Items from a dataset
§

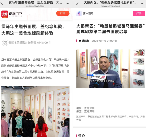1月15日上午,備受矚目的深圳鵬城印象第二屆書畫展在大鵬新區(qū)鵬城印象文化藝術(shù)中心盛大啟幕。這次展覽由深圳郵政文聯(lián)指導(dǎo)、深圳郵政工會聯(lián)合鵬城印象非遺藝術(shù)中心主辦,以“鵬程萬里·馬到成功”為核心主題,延續(xù)首屆展會的文化熱度,為鵬城市民與書畫愛好者獻上一場年味濃郁、兼具藝術(shù)質(zhì)感與吉祥寓意的文化盛宴。
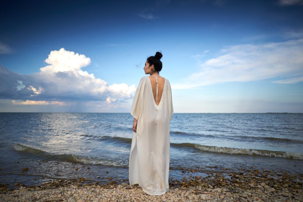 Pentru că am vrut să fac cum făcea ea, adică sustenabil (fără să știe că asta va de veni un stil mai târziu) luând capete de linii și materiale care prisoseau altora, anul trecut am colindat mai multe depozite căutând materiale organice, naturale, care să „cadă” bine. E necesar un astfel de material care să nu încarce nici produsul, nici prețul, pentru că ideea este ca femeile să-și poată permite să cumpere un caftan.
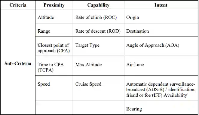 对于空中威胁评估,已经确定了16个线索来构成关于目标的最有价值的信息[4]。这些见表 1。
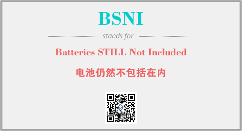 上述内容是“Batteries STILL Not Included”作为“BSNI”的缩写,解释为“电池仍然不包括在内”时的信息,以及英文缩略词BSNI所代表的英文单词,其对应的中文拼音、详细解释以及在英文中的流行度和相关分类、应用领域及应用示例等。
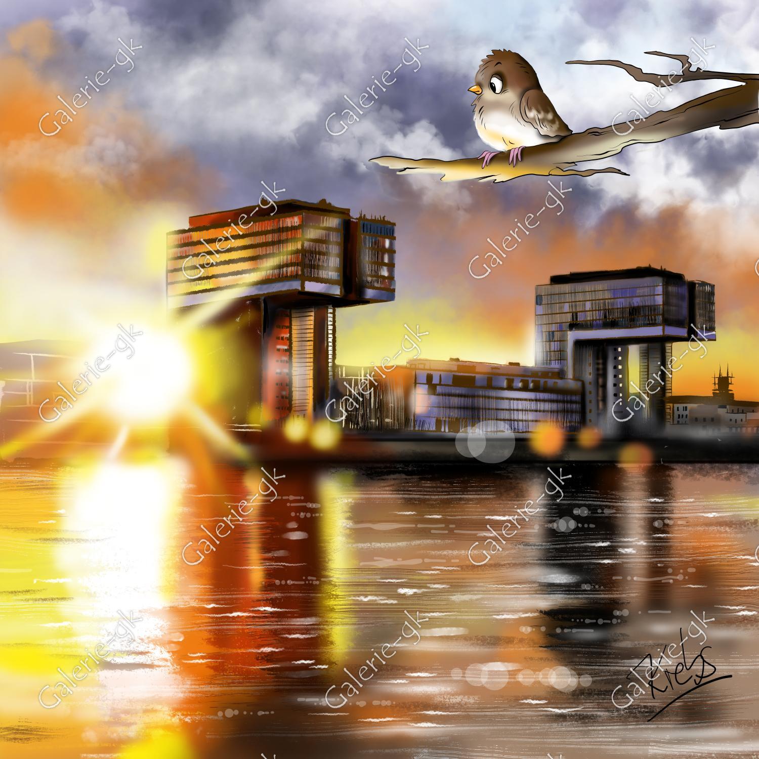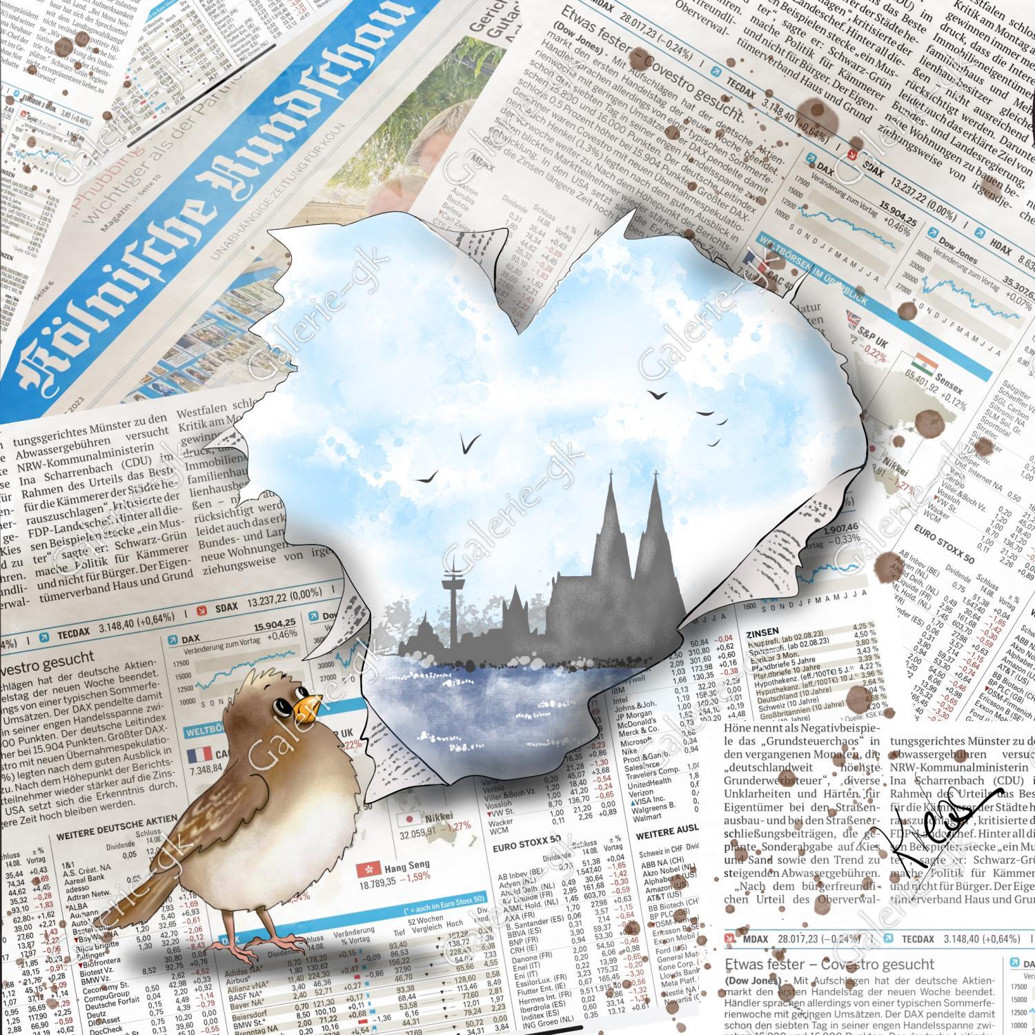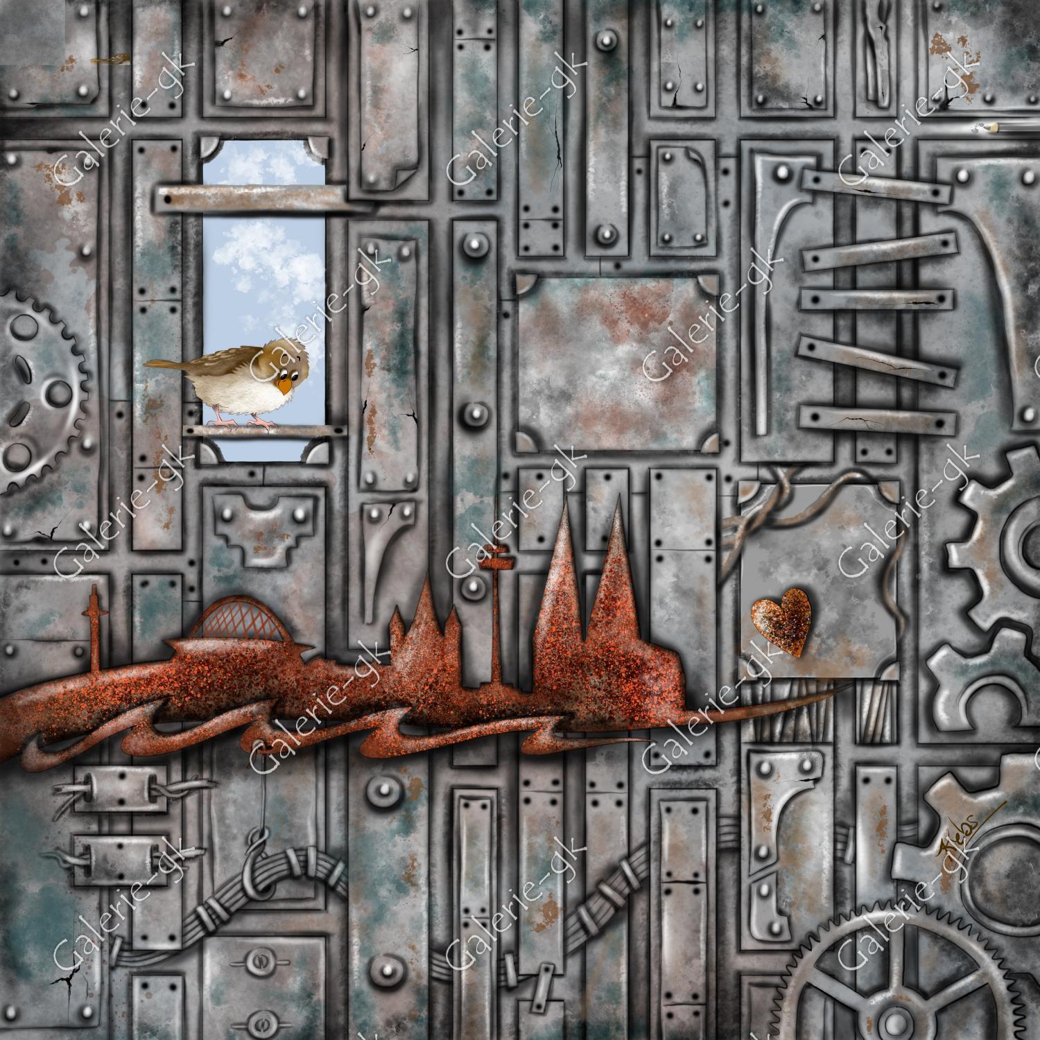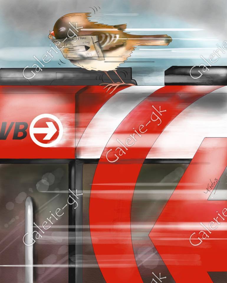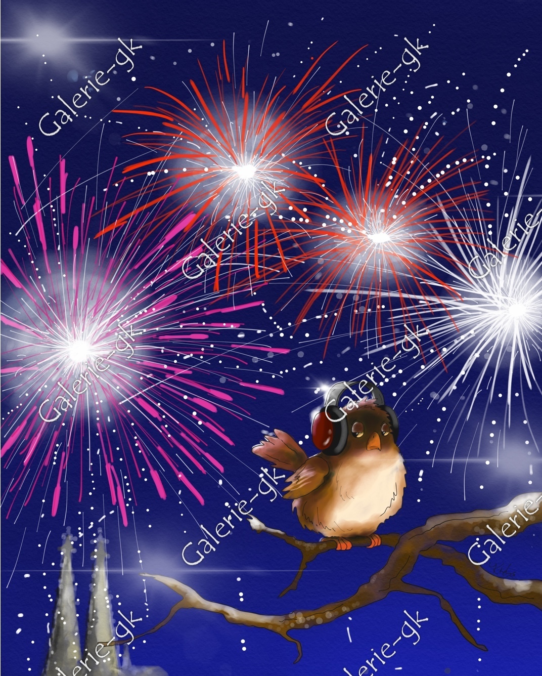 Alle DoMspatz-Motive (sie entstehen mit Adobe Sketch/ProCreate bzw. Fresco) werden als Druck auf Premium-Fotopapier im weißen Glasrahmen (33x33cm/Bildgröße: 20x20 cm, inklusive Passepartout mit handgefertigtem DoMspatz-Logo) angeboten,
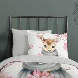 • Kinder dekbedovertrek met schattige vos en bloemenpatroon.
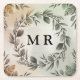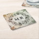Customizable Initials Wreath - Elegant Monogram Square Paper Coaster
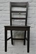 Stuhl: Zeitloser Vierpfosten-Holzstuhl in der urtypischen Stuhlform, hier Massivholz, braun gebeizt. Maße: 43 cm Sitzbreite; 41 cm Sitztiefe; 92 cm Gesamthöhe mit Lehne. Verfügbarkeit: 1 x in dieser Ausführung.
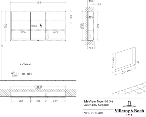 Villeroy & Boch My View Now built-in mirror cabinet, 3 doors, with lighting, with on/off switch, Smart Home compatible, 1400x750x167.5mm
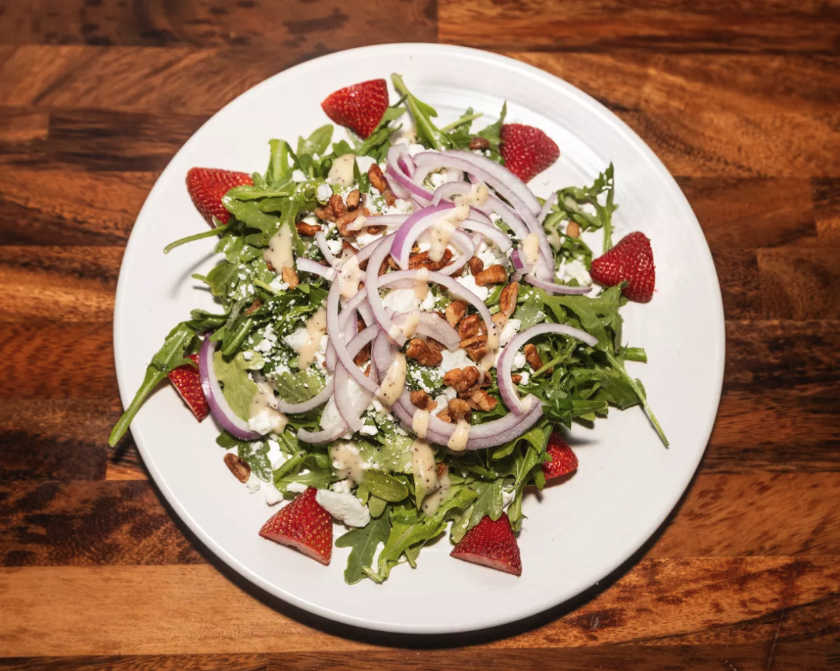 Peppery arugula, strawberries, candied pecans, chenel goat cheese, shaved red onion, honey poppyseed vinaigrette dressing
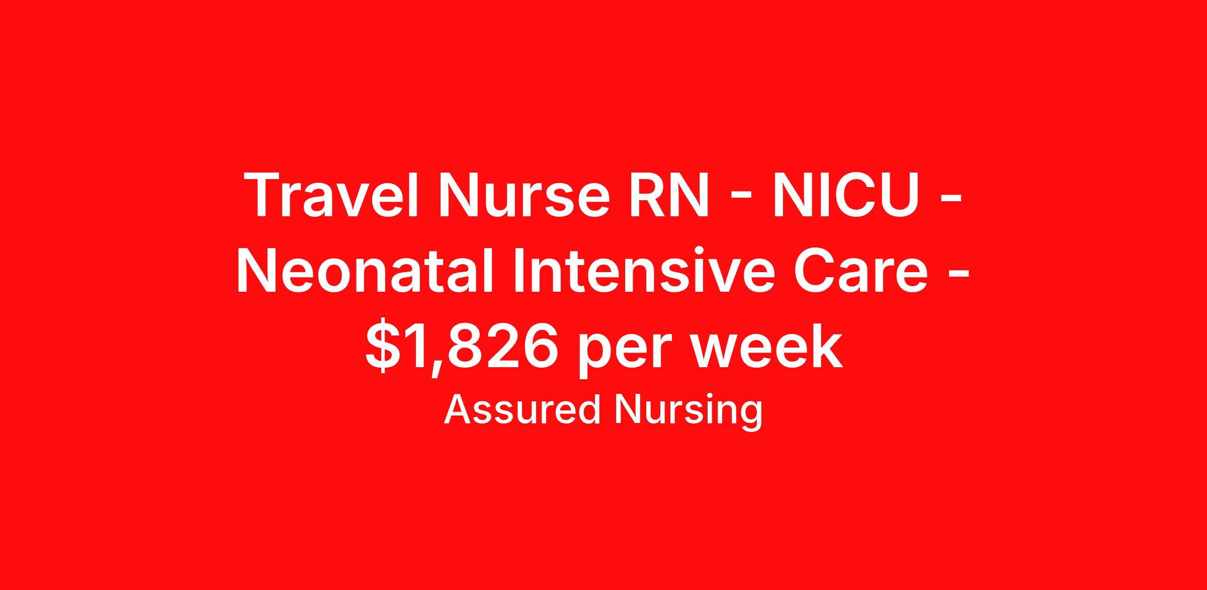 Travel Nurse RN - NICU - Neonatal Intensive Care - $1,826 per week
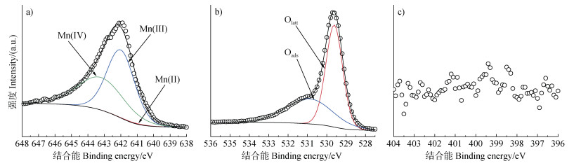 进一步利用X-射线光电子能谱仪对该二氧化锰表面Mn、O和N的价态和化学键进行表征分析(图 2),其Mn、O和N元素拟合的含量百分比结果呈现在表 1中。Mn 2p位于641.10、642.00和643.20 eV处的三个结合能峰可分别归属于Mn(Ⅱ)、Mn(Ⅲ)和Mn(Ⅳ)[27-28]。O 1s位于529.61和530.91 eV的两个结合能峰可分别归属于γ-MnO2中的晶格氧(Olatt)和矿物表面的吸附氧(Oads)[27-29]。

§

:: TASK DESCRIPTION ::
"对于空中威胁评估,已经确定了" marks the first line to copy, and "Customizable Initials Wreath" marks the last. Repeat that stretch above exactly, with no pictures.

:: ANSWER TO THE EXERCISE ::
 对于空中威胁评估,已经确定了16个线索来构成关于目标的最有价值的信息[4]。这些见表 1。
 上述内容是“Batteries STILL Not Included”作为“BSNI”的缩写,解释为“电池仍然不包括在内”时的信息,以及英文缩略词BSNI所代表的英文单词,其对应的中文拼音、详细解释以及在英文中的流行度和相关分类、应用领域及应用示例等。
 Alle DoMspatz-Motive (sie entstehen mit Adobe Sketch/ProCreate bzw. Fresco) werden als Druck auf Premium-Fotopapier im weißen Glasrahmen (33x33cm/Bildgröße: 20x20 cm, inklusive Passepartout mit handgefertigtem DoMspatz-Logo) angeboten,
 • Kinder dekbedovertrek met schattige vos en bloemenpatroon.
Customizable Initials Wreath - Elegant Monogram Square Paper Coaster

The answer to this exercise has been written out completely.